1969 Jorge Gaspar e Hagerstrand publicam um artigo sobre da situação evolutiva da Geografia

1971 Iniciado o banco de dados do GAS, de apoio à gestão do complexo de Sines

1971 Primeiros SIG aparecem em várias empresas e organismos da administração

1971 Publicado o Decreto-Lei nº 560/71, que previa a elaboração de planos de nível municipal

1972 Empresa Geral de Fomento inicia entre 1972 e 1974 a utilização de software matricial de SIG

1972 Génese do Atlas do Ambiente, ainda na versão em papel

1973 Aquisição do software SYMAP pelo GAS

1976 O CEP é substituído nas suas funções pelo Departamento Central de Planeamento

1976 Primeiro de três seminários em Portugal sobre detecção remota (outros em 1978 e 1980)

1976 Realizado em Lisboa um primeiro seminário sobre técnicas de detecção remota

1977 Criada na JNICT a Comissão para a Investigação Urbana e Regional (CIUR)

1978 DCP usa o SYMAP, concebido pelo Harvard Lab, assim como o SYGRAPH e SYMVU

1978 CEP conclui estudos sobre “Desequilíbrios Regionais” e “Migrações Pendulares e Unidades Geográficas de Emprego”

1980 Faculdade de Letras da Universidade de Lisboa e o Laboratório Nacional de Engenharia Civil colaboram no desenvolvimento de uma base de dados georeferenciados

1980 IGC fica responsável pela elaboração do levantamento cadastral de todo o território

1980 Publicada nova lei orgânica do IGC que previa a conclusão do cadastro até ao final da década

1980 Realizadas no LNEC as “Jornadas de Reflexão sobre estatísticas para a investigação urbana e regional” que introduzem o conceito de BGRI

1980 FCSH lecciona uma cadeira de informática que evoluiu para disciplina específica sobre SIG

1983 Começa formalmente na FCSH o ensino de SIG

1983 LNEC instala sistema de processamento de imagens, com visualização colorida

1985 Comunidade Europeia lança o projecto Corine – Land Cover

1985 Iniciado o Projecto Sistema Informação Geográfica do Município de Almada

1985 Realizada a conferência OTAC (Ordenamento do Território Assistido por Computador)

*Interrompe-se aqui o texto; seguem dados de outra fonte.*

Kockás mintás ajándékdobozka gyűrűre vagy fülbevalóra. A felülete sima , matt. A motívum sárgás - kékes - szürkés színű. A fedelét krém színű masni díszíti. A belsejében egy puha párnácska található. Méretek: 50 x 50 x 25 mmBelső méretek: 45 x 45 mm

1985 UNL desenvolve investigação no domínio das estatísticas de pequenas áreas (Municenso)

5 O Centro Nacional de Informação Geográfica

SNIG e CNIG são duas siglas que se confundem, tal como se confundem as origens, objectivos e atribuições de ambos. O Sistema Nacional de Informação Geográfica (SNIG) foi concebido em 1986 e precedeu em quatro anos a criação do Centro Nacional de Informação Geográfica (CNIG), organismo criado em 1990, que viria a coordenar a actividade de informação geográfica em Portugal até 2002, anos em que foi dissolvido e integrado no novo Instituto Geográfico Português.

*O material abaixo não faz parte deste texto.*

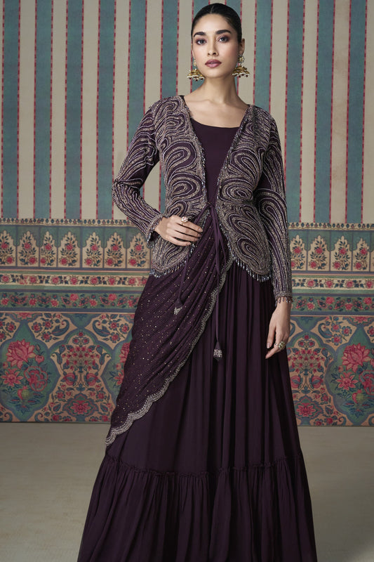 Wedding-Reception Special Dark Purple Color Anarkali Gown Indo-Western

Este sistema e este organismo são relativamente indissociáveis. O CNIG surgiu como forma de dar corpo institucional a todas as iniciativas que rodeavam a pretendida implementação do Sistema mas, por sua vez, o SNIG era a alma e justificação de existência do próprio Centro. Embora este desfasamento de alguns anos tivesse existido, as suas evoluções sempre foram paralelas e tiveram a mesma origem.